The real brave new world

Aldous Huxley, one of the 20th century’s Prophets of Doom, visualised salvation through decentralised production and the diffusion of the ownership of capital (Huxley 1947). Technology need not lead to the robotic tyranny that is undermining the jobs and wages of skilled middle-class people. But in Brave New World, Huxley omitted to mention – as he subsequently admitted in a preface to that book – that future prospects would be different if taxes were replaced by the rents that people created in common.

Citizen’s Rent Dividend

The gains from reform of the public’s finances would be enormous, and they would become a temptation to those who would like to claim the privileges associated with the rent-seeking lifestyle. People would need to be ever alert to this risk. One way to strengthen society’s immune system would be to institute a Citizen’s Rent Dividend.
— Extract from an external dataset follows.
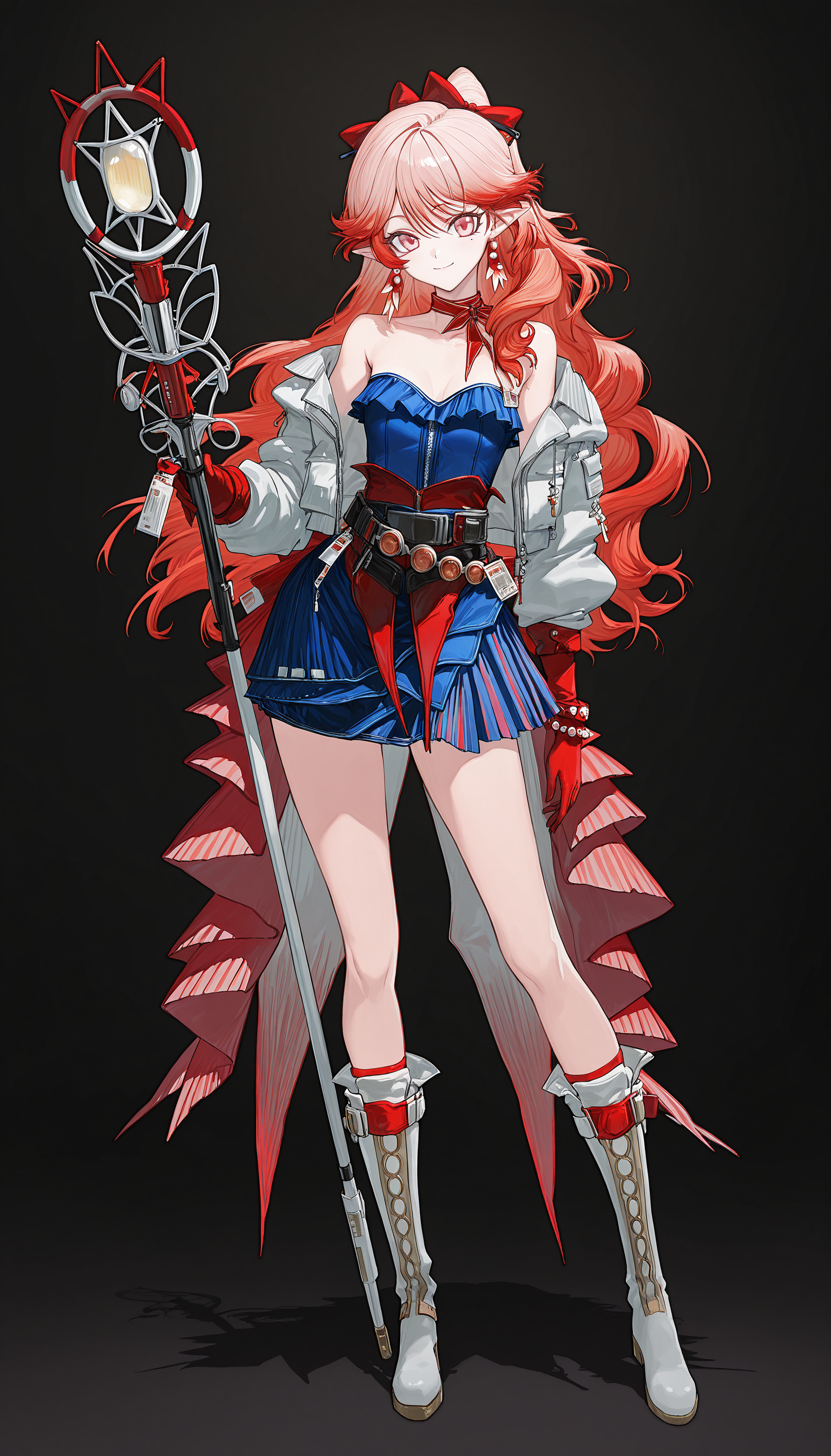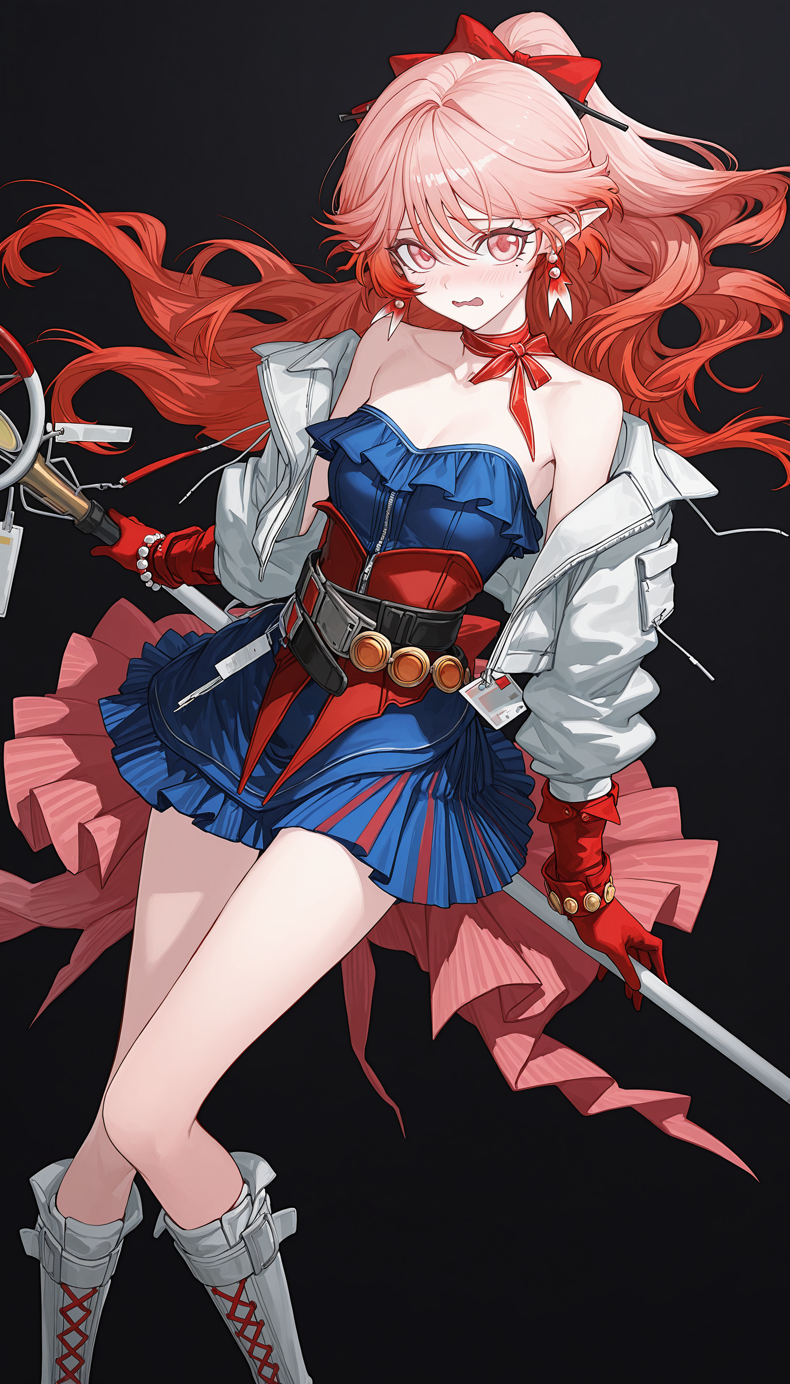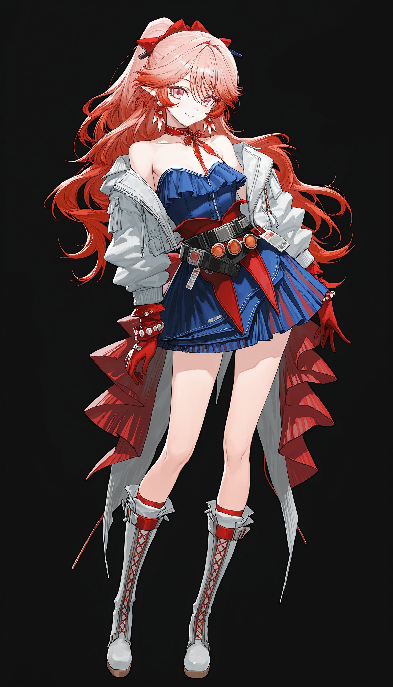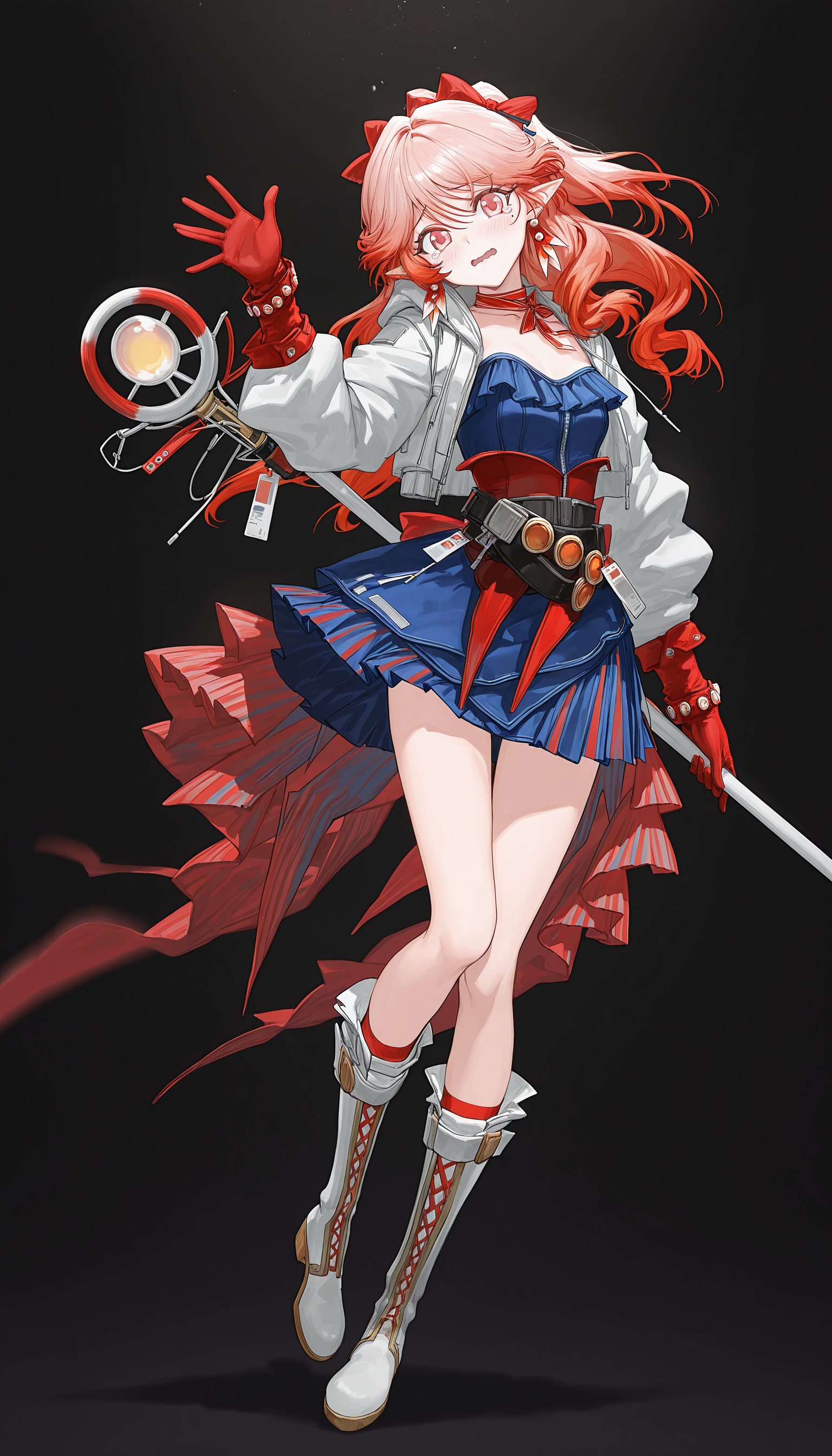white_jacket, neck ribbon, ribbon,blue_dress,belt,red_gloves, bracelet , jewelry , belt , red corset , overskirt,

Communities could allocate part of its rental gains as an annual payment to citizens, with the explicit intention of safeguarding the social status of this stream of revenue. The dividend could also be designed to encourage life-affirming forms of behaviour. The citizen’s Rent Dividend, then, would serve two major purposes:

  1. The social nature of rent would remain uppermost in everyone’s minds. Citizens would be vigilant over the way this income was measured and distributed, and they would be ever-ready to repel privilege-seekers. The covert deeds of corruption, such as those that now disgrace the deals between corporations and public agencies, would become a thing of the past.
  2. The dividend would encourage the activities that enlarge the stream of rental revenue. Everyone can contribute to social welfare in ways that expand personalities and the cultural endowments of each community. These, ultimately, translate into higher rents.